Oozie with Spark and ADLS RRS feed

  • Question

  • I am using a Spark 2.0 on Linux (HDI 3.5) cluster with an ADLS in the backgroun to store the data. Now I want to create a sample Oozie job but struggle with setting up everything.

    I already enabled the Ambari view for Workflows which gives me a rather simple UI to create a simple workflow. So far my workflow contains only one Spark step which runs a python "Hello World" code. Whenever I want to submit the Job i receive this error message:

    Error occurred while saving workflow.
    Oozie error. Please check the workflow.

    my current guess is that there is something wrong my the configuration of the Name Node and the Job Tracker/Resource Manager.

    For the Name Node I tried to use adl://myadls.azuredatalakestore.net/clusters/mycluster - basically the root path of my cluster in ADLS 
    I thought this would be the same as wasb://container_name@storage_name.blob.core.windows.net for a cluster on a blob storage account?

    for the JobTracker/Resource Manager I used the servername from Ambari --> YARN --> Active ResourceManager - something like hn1-myclus.fsxg4kdzabcdeeflqozoca1iwe.fx.internal.cloudapp.net

    what would be the correct settings here?

    the default settings are ${resourceManager} and ${nameNode} but I dont know where those variables are set or what their values should be so I hardcoded the values described above

    any ideas or samples for this scenario?

    thanks in advance,

    Gerhard Brueckl
    blogging @ http://blog.gbrueckl.at
    working @ http://www.pmOne.com

    Wednesday, August 30, 2017 3:14 PM

All replies

  • You may refer the documentation Use Oozie with Hadoop to define and run a workflow on Linux-based HDInsight for configuration incase if you haven’t checked earlier and see if that helps.

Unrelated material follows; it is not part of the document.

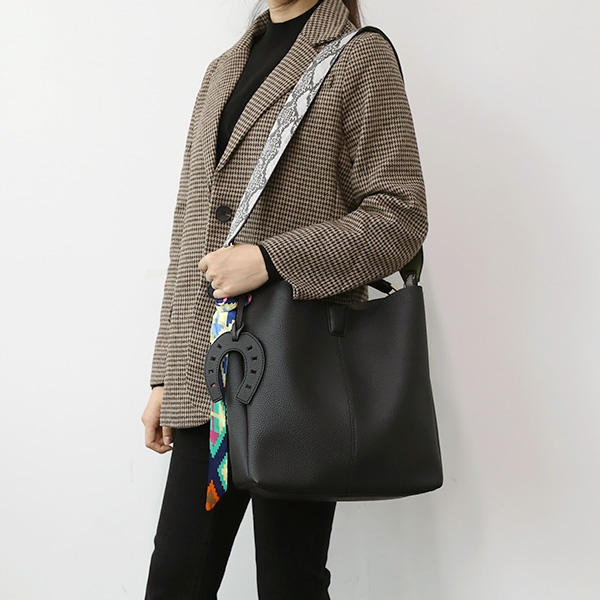 유연하면서도 두께감 있는 소재로 퀄리티가 높으며 어떤 룩에나 매치하기 좋은 심플한 디자인의 가방으로 스카프, 파우치가 함께 구성되어 있습니다. 가방에 달려있는 말굽 모양의 장식과 스카프가 심플한 스타일에 세련된 무드를 더해준답니다. 내부 공간이 넓어 다양한 소지품을 수납할 수 있으며 파우치는 별도로 사용하거나 가방 내부에 넣어 실용적인 분리 수납 공간으로 사용할 수 있어요. 내장된 스트랩의 한쪽 면에 뱀피 무늬가 들어가 더욱 유니크한 스타일로 즐길 수 있어요. 상세페이지 확인 후 굿초이스 해주세요! *모델 착용 컬러 - BLACK(블랙) / BROWN(브라운) / WINE(와인)           | COLOR | 블랙 / 그레이 / 베이지 / 브라운 / 와인 / 카키 | | 제품 색상은 모니터에 따라 실제 색상과 차이가 있을 수 있습니다. | | | | FABRIC | 합성가죽 | | | | PRODUCTION | 제조국 / 중국 | | 품질보증기준 / 소비자분쟁 해결기준에 따름 | | A/S 책임자 및 고객센터 / 감성가방 | | | | SIZE INFO | 사이즈는 측정 방법에 따라 1~2cm의 차이가 있을 수 있습니다. | | 스트랩 길이는 연결 고리를 제외한 길이이며, 최대 길이입니다. | | (단위:cm, g) | | 가로 길이 | 세로 길이 | 너비 | 손잡이 높이 | 스트랩 길이 | 무게 | | 32 | 30 | 12 | 11 | 뱀피스트랩-42(조절x)/일반스트랩-57(조절o) | 870 | |

    Do click on "Mark as Answer" on the post that helps you, this can be beneficial to other community members.

    Wednesday, August 30, 2017 5:57 PM
  • sure, I read the documentation but I it was not working as expected

    the issues seems to be that when running the cluster on ADLS, Oozie tries to create a folder in the root of ADLS to store the logs e.g. adl://myadls.azuredatalakestore.net/user/myuser/....

    to deal with this issue I created the /user/ folder beforehand and granted the cluster-service-principal appropriate permissions

    however, the question would by 
    a) why isnt it creating this folder in the clusters root directory?
    b) where can i change where it creates this folder?

    a general question would be, whether it is possible to reference files from ADLS (e.g. job.xml) or if only local files are supported?
    the command "oozie job -config job.xml -submit" refers to a local "job.xml"-file - what If I want to store my job-files in ADLS (local files get deleted when I kill the cluster)

    kind regards,

    Gerhard Brueckl
    blogging @ http://blog.gbrueckl.at
    working @ http://www.pmOne.com

    Thursday, August 31, 2017 8:00 AM